Water & Music’s Cherie Hu says Web3 and AI will revolutionize creativity: The Agenda

by Jeremy

Curiosity might need killed the cat, however for musicians, it’s typically the launchpad of creativity and innovation. 2023 noticed the speedy development of OpenAI’s highly effective ChatGPT synthetic intelligence device, and applied sciences like Midjourney and Dall-E have supplied content material creators the flexibility to actually change into a one-man band — or a one-person manufacturing studio.

Retaining tempo with the speedy evolution of expertise and its affect on related industries generally is a problem for the common busy particular person, and one of many objectives of Water & Music is to supply a extra research-backed strategy for music trade professionals to examine, focus on and experiment with new applied sciences.

On Episode 19 of The Agenda podcast, hosts Ray Salmond and Jonathan DeYoung communicate with Cherie Hu, the founding father of Water & Music — “an impartial e-newsletter and analysis neighborhood on a mission to make the music trade extra progressive, cooperative, and clear.”

Change is inevitable

When requested about what’s new within the music trade, Hu acknowledged that “the outdated music enterprise very a lot was pushed by a small group of gatekeepers,” and she or he prompt that the pandemic, new expertise and maybe even among the ideology that backs the Web3 motion would ultimately change this established order.

“The pandemic, I feel, woke lots of people up,” Hu stated. “I feel it inspired folks to change into much more proactive about talking out about and advocating for modifications that they wished to see.” She added:

“Numerous essentially the most important, like deeply important, conversations I’ve heard about streaming have come within the final three years simply because, as a result of pandemic, artists had been put ready the place they needed to basically rely solely on digital sources of earnings to make ends meet with out touring.
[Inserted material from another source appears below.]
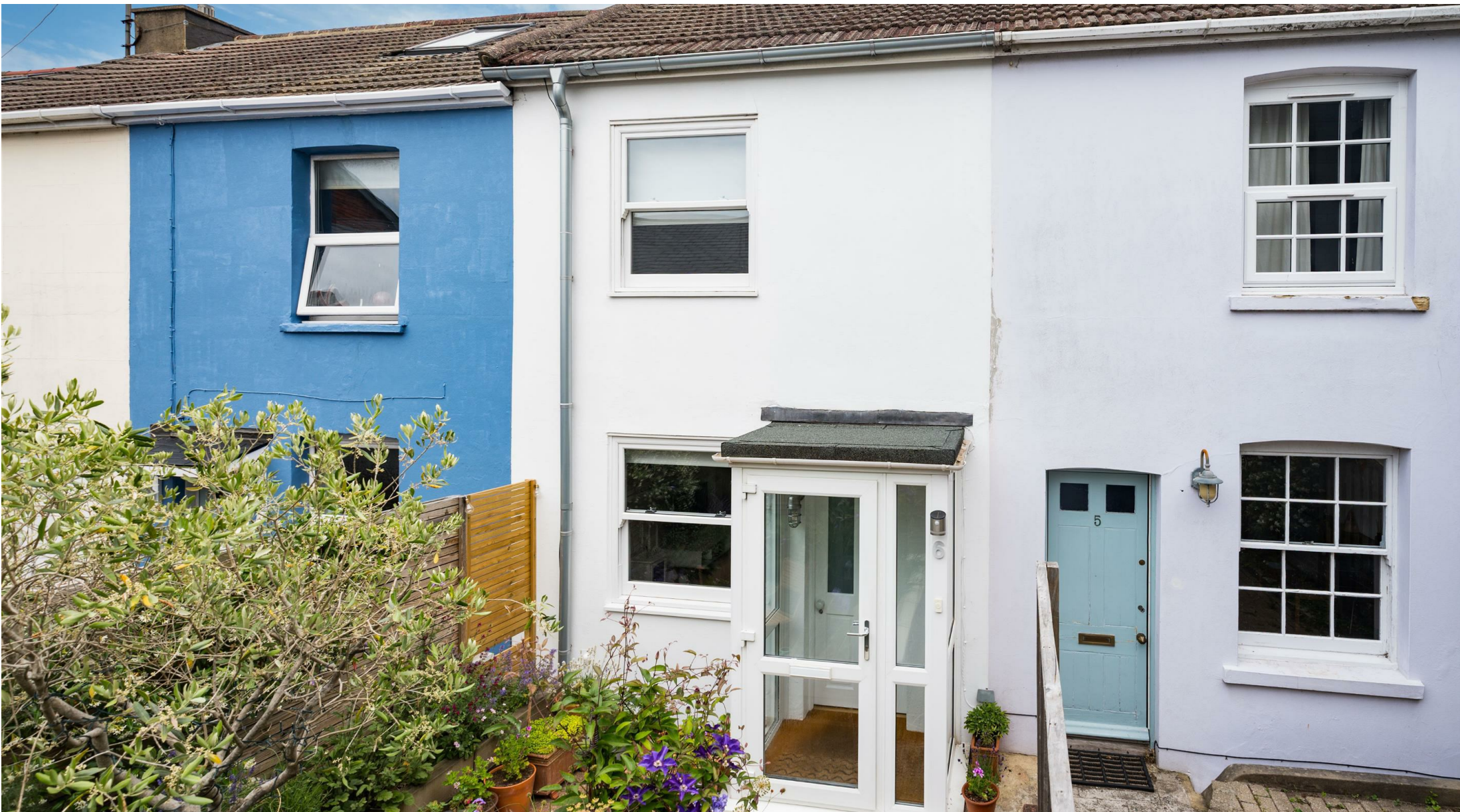
Southdown Place, Lewes

After which they take a look at their streaming checks and are like, ‘That is that is nothing. I can’t dwell off of this.’ And so, there have been much more productive conversations round various fashions to monetizing music in a digital context. Web3, after all, has performed an enormous, enormous position on this.”

Traditionally, breaking into the music trade meant artists both wanted to know the suitable folks to get picked up or be capable of fund their endeavors in a manner that created sufficient ripples to seize a wider viewers. Hu believes that inside the conventional music trade, “numerous these mechanisms haven’t actually modified for just like the final 10, 20, even 30 years,” however she additionally acknowledges that new applied sciences have opened up new strategies for creators to utterly circumvent the standard path to success.

Hu stated:

“The way in which that tradition is transferring, particularly in the event you take a look at apps like TikTok and the affect that ecosystem has on music tradition and what music, what songs get huge, it simply strikes so shortly. The unlucky a part of the music trade is that the financing aspect has not caught as much as it.”

Based on Hu, Water & Music aspires to take a extra analytical strategy to how the music enterprise is evolving and being impacted by rising applied sciences.

“So once we take into consideration the brand new music enterprise, we undoubtedly deal with new applied sciences that allow folks to take part within the music trade. , whether or not it’s creating music, advertising music, constructing communities round it, monetizing it in completely new methods. We’re eager about that whole stack.”